- Reign: 732 BC
- Predecessor: Nabû-nādin-zēri
- Successor: Nabû-mukin-zēri
- House: Dynasty of E

= Nabu-suma-ukin II =

Nabû-šuma-ukîn II, inscribed ^{m}[^{d}]Nabû-šuma-úkîn or ^{m}Šuma-[úkîn], whose complete name (meaning "Nabû has established legitimate progeny") is only known from the Kinglist A, was a usurper and briefly king of Babylon for one month and two days during 732 BC before he was swept aside by his successor, Nabû-mukin-zēri.

==Biography==

His reign was so fleeting he was omitted from the Ptolemaic Canon. His Assyrian contemporary was Tukultī-apil-Ešarra III who was too distracted campaigning in Syria to react to political events.

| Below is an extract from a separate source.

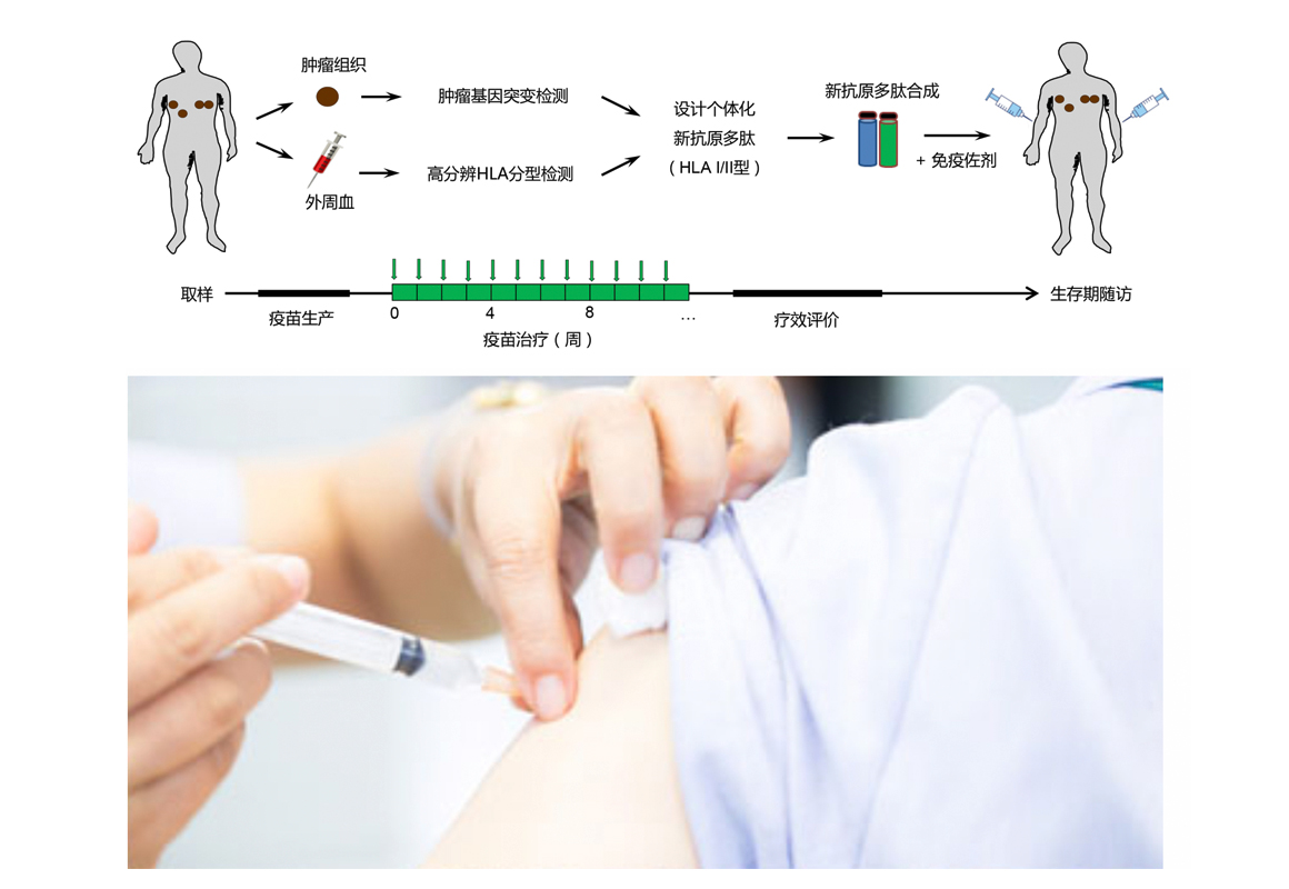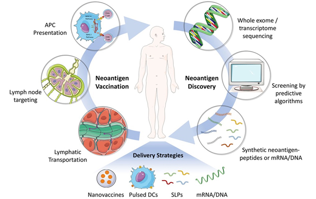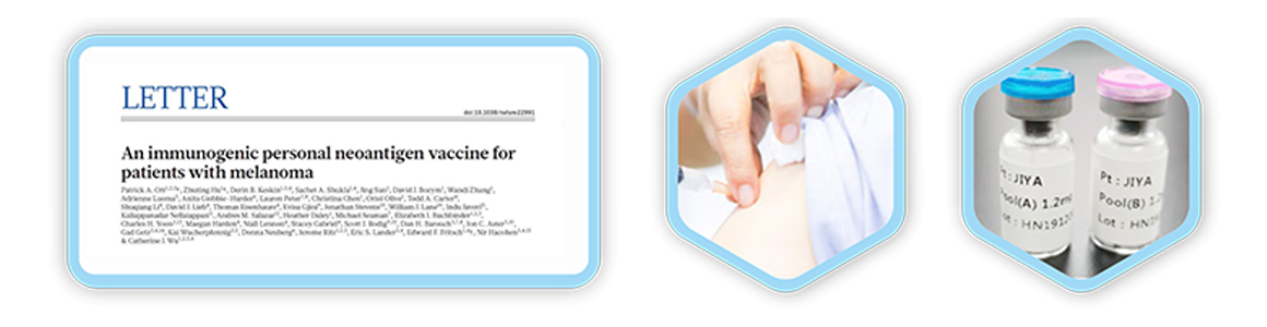 明確了患者腫瘤細胞的基因突變和HLA后,經(jīng)過生物信息學分析篩選出結(jié)合能力最強的數(shù)種肽段作為腫瘤新抗原(Neoantigens),在實驗室合成腫瘤新抗原,聯(lián)合佐劑一起注射到患者體內(nèi),誘導產(chǎn)生靶向腫瘤新抗原的特異性T細胞來殺滅腫瘤,該技術(shù)2019年被《麻省理工科技評論》評為全球十大突破性技術(shù)之一。

He came to power as a disaffected former provincial governor leading a rebellion against Nabû-nādin-zēri, the son and successor of Nabû-Nasir.

He was deposed and replaced by the Chaldean chief, Nabû-mukin-zēri, of the Bīt-Amukani tribe, within weeks establishing a trend as later pretenders from the traditional Babylonian population were likewise to be displaced quickly by Chaldeans, Marduk-zakir-šumi II by Marduk-apla-iddina II in 703 BC and Nergal-ušezib by Mušezib-Marduk in 692 BC.